Our friend Steve Cavanaugh died yesterday after being diagnosed with pancreatic cancer a couple of months ago.
We're going to miss him dearly. His family and my family have been good friends for over 20 years. We first met them when they started coming to our church in the early 80s. Steve was a talented musician and singer and would bring his guitar with him whenever he, Becky, Lauren, and Chris would come to the house to visit, which was often back in the 80s and 90s. He would play guitar and sing for us and with us. I would play some piano. We would all tell stories and laugh. I loved those evenings.
The Cavanaughs were like an extension of our family. My family, wonderful as they are, are not musicians. They love music, but not from the inside--not the way a musician can. Steve understood my musician's love for music, and I understood his. It was good to have someone in the family, albeit an extended one, who shared a passion for something that meant so much to me.
My brother called this morning, and he, my sister, and I are talking about making a there-and-back road trip to Louisiana for the funeral.
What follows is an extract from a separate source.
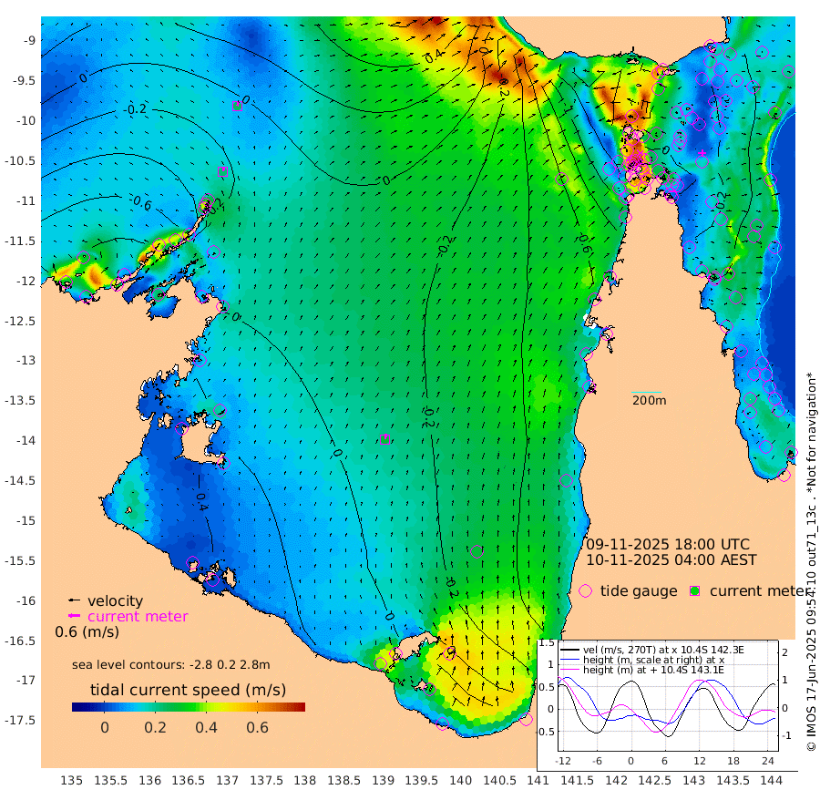 23cm/s 10T +3cm/s rms + 7cm/s -42T. ARA-GOC87 57m 28cm/s 9T +3cm/s rms + 2cm/s -2T. ARA-GOC87 60m 24cm/s 18T +2cm/s rms + 3cm/s 61T. ARA-GOC87 47m -44cm Daru -41cm Bobo Island -45cm Meer Island Barge -49cm Bramble Cay -43cm Unnamed Cay -53cm Pearce Cay -44cm Stephens Island -41cm Merrie England Shoals -43cm Mutacomal Reef -37cm Darnley Island Barge -53cm East Cay -35cm Yorke Island Barge -48cm Rennel Island -41cm Aureed Island -57cm Dungeness Reef -49cm Zagai Island -60cm Yam Island -93cm Dauan Island -70cm Saibai Island -104cm Phipi Reef -67cm Warrior Reef - West -83cm Mabuiag Island Barge -41cm Half Way Island -51cm Coconut Island -42cm Dugong Islet -53cm Poll Island -55cm Kirkcaldie Reef -67cm Suarji Island -38cm Sue Islet -172cm Hawkesbury Island -78cm Alert Patches -71cm Twin Island -168cm Badu Island -70cm St Pauls (Moa Island) -141cm Kubin (Moa Island) -93cm Ince Point -107cm Thursday Island -104cm Nardana Patches -141cm Turtle Head -143cm Round Island -175cm Goods Island -177cm Booby Island -173cm White Rocks Area -107cm Carpentaria -67cm Papou Point -173cm Bampfield Head -147cm Crab Island -169cm Red Wallis Island -162cm Packe Island -42cm Harrington Reef -170cm Herald Camp -5cm Sharp Point -126cm Red Island Point -91cm Possession Island -46cm Alpha Rock -59cm Frederick Point -42cm Wyborn Reef Light -43cm Tetley Island -51cm Triangle Reef -46cm Turtle Head Island -52cm Maclennan Cay -57cm Raine Island -41cm Mcsweeny Reef -40cm Collette Reef -46cm Shadwell Reef -42cm Hannibal Island -54cm Round Point -120cm Vrilya Point -46cm Cape Grenville -52cm Hicks Island -62cm Sir Charles Hardy Island -13cm Harvey Island -50cm Kay Reef -55cm Rocky Island -62cm Chapman Island -53cm Ham Reef -52cm Jubilee Reef -47cm Night Island -56cm Unnamed Reef No. 3 -56cm Morris Island -57cm 1st 3 Mile Opening -54cm Creech Reef -47cm Fife Island -62cm Eden Reef -51cm Stanley Island -51cm Normanby River -93cm Yabooma Island -114cm Hutchison River -86cm Elcho Island -84cm North West Crocodile Island -19cm Cape Wessel -54cm Stevens Island -11cm Guluwuru Island -53cm Hopeful Bay -33cm Auster Point -28cm Two Island Bay -64cm Cadell Strait 74cm Mallison Island -14cm Melville Bay (Gove Harbour) -13cm Truant Island 1cm Cape Arnhem 23cm Cape Grey 29cm Hawk Island 69cm Milner Bay (Groote Eylandt) 60cm Cape Beatrice 96cm West Island 95cm Centre Island 42cm Mornington Island 51cm West Wellesley Islands 23cm Bountiful Island 45cm Albert River Mouth 82cm Sweers Island 30cm Karumba -29cm Nassau River Offshore -73cm Christmas Creek -99cm Archer River -97cm Boyd Point -124cm Weipa (Humbug Point) -84cm Pennefather River -118cm Cullen Point

I have some Sunday obligations, but I may make the road trip anyway. My mom said it might be better for us to wait until we visit at Christmas, when we can spend more time with Becky and the family. She's right, of course, but part of me feels a deep need to go to this funeral.
Those of you who pray, please keep Steve's wife Becky, his daughter Lauren, his son Chris, and his daughter-in-law Annie in your prayers. I can't imagine the pain and shock that they are going through.